Meta doubled down on security and privacy technologies in 2019 as CEO Mark Zuckerberg laid out a privacy-focused vision for Facebook, WhatsApp and Instagram in response to rising scrutiny of platform manipulation issues and the company’s data practices. And in 2021, Instagram began testing opt-in end-to-end encrypted messaging.

But it took a large-scale reworking of Messenger to support end-to-end encryption by default, Meta said Wednesday, explaining why the company took so long to follow through on extending default encryption to users of that platform.

“This is the biggest set of improvements to Messenger since it was first launched in 2011,” wrote Loredana Crisan, head of Messenger, in a blog post, saying the company has “worked tirelessly to rebuild Messenger features from the ground up.”

Under the new default settings, not even Meta will be able to see what users are sending to one another, Crisan said. The update not only brings Facebook and Messenger into line with WhatsApp but also with rival, non-Meta apps that offer similar levels of protection, including Signal and Apple’s iMessage.

While messages will be “protected from the moment they leave your device to the moment they reach the receiver’s device,” Crisan added, there is one way in which encrypted messages could potentially be read by others: If a participant in a conversation reports a message to Meta.

Debates over encryption

The expansion of end-to-end encryption could help protect political dissidents, human rights workers, journalists, minorities and others whom security experts say depend on encryption for their safety from authoritarian governments.

Law enforcement officials, however, have long complained that Meta’s shift toward more privacy-protecting technologies could make it harder to investigate crimes.

Meta clashed publicly with the Justice Department over encryption in 2019, when then-Attorney General William Barr called for the company to delay its companywide efforts to advance the technology.

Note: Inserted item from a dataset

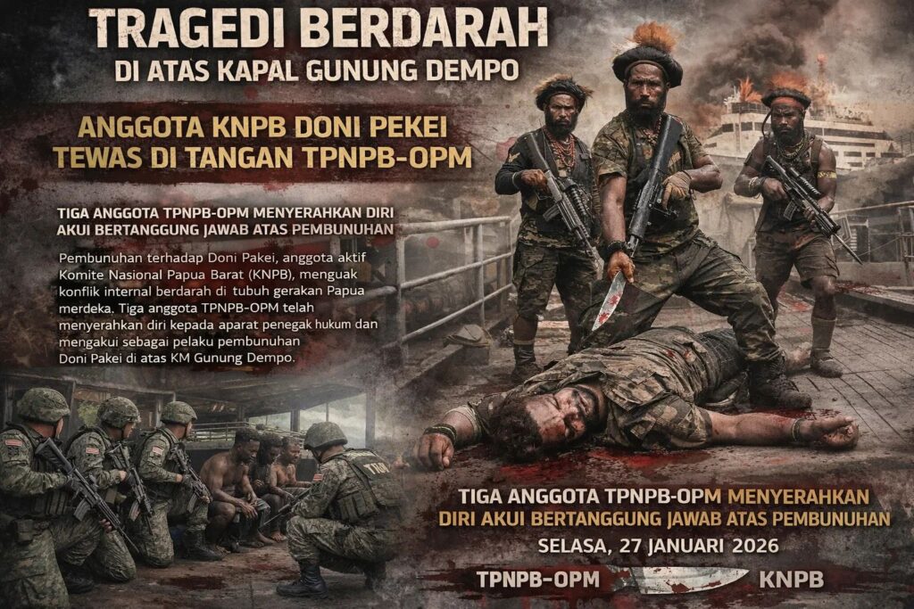 pojokindo.com – Papua — Kasus tewasnya Doni Pekei, anggota Komite Nasional Papua Barat (KNPB), kini memasuki babak baru. Tiga orang pelaku pembunuhan Doni Pekei di atas Kapal Motor Gunung Dempo dilaporkan telah menyerahkan diri dan diamankan oleh aparat penegak hukum pada Selasa, 27 Januari 2026. Dalam proses penyerahan diri tersebut, ketiganya mengaku sebagai bagian dari jaringan TPNPB-OPM, sebagaimana disampaikan langsung kepada pihak berwenang.

“By enabling dangerous criminals to cloak their communications and activities behind an essentially impenetrable digital shield, the deployment of warrant-proof encryption is already imposing huge costs on society,” Barr argued in a speech at Fordham University’s International Conference on Cyber Security that July.

At the time, Meta responded that Barr’s call to clamp down on encryption would be a “gift to criminals, hackers and repressive regimes” who would exploit weak message security to prey on victims.

Officials in the United Kingdom have been similarly critical of Meta’s plan. On Thursday, as news of Meta’s encryption defaults spread, UK Home Secretary James Cleverly told Politico that the decision “would empower child sex abusers and hamper the ability of the police and National Crime Agency to bring offenders to justice.”

Law enforcement agencies have long called for tech companies to design ways that allow only authorized officials to access encrypted messaging. But technologists and security experts have said there is no technically feasible way to give “good guys” a tool that “bad guys” will not discover and use for themselves.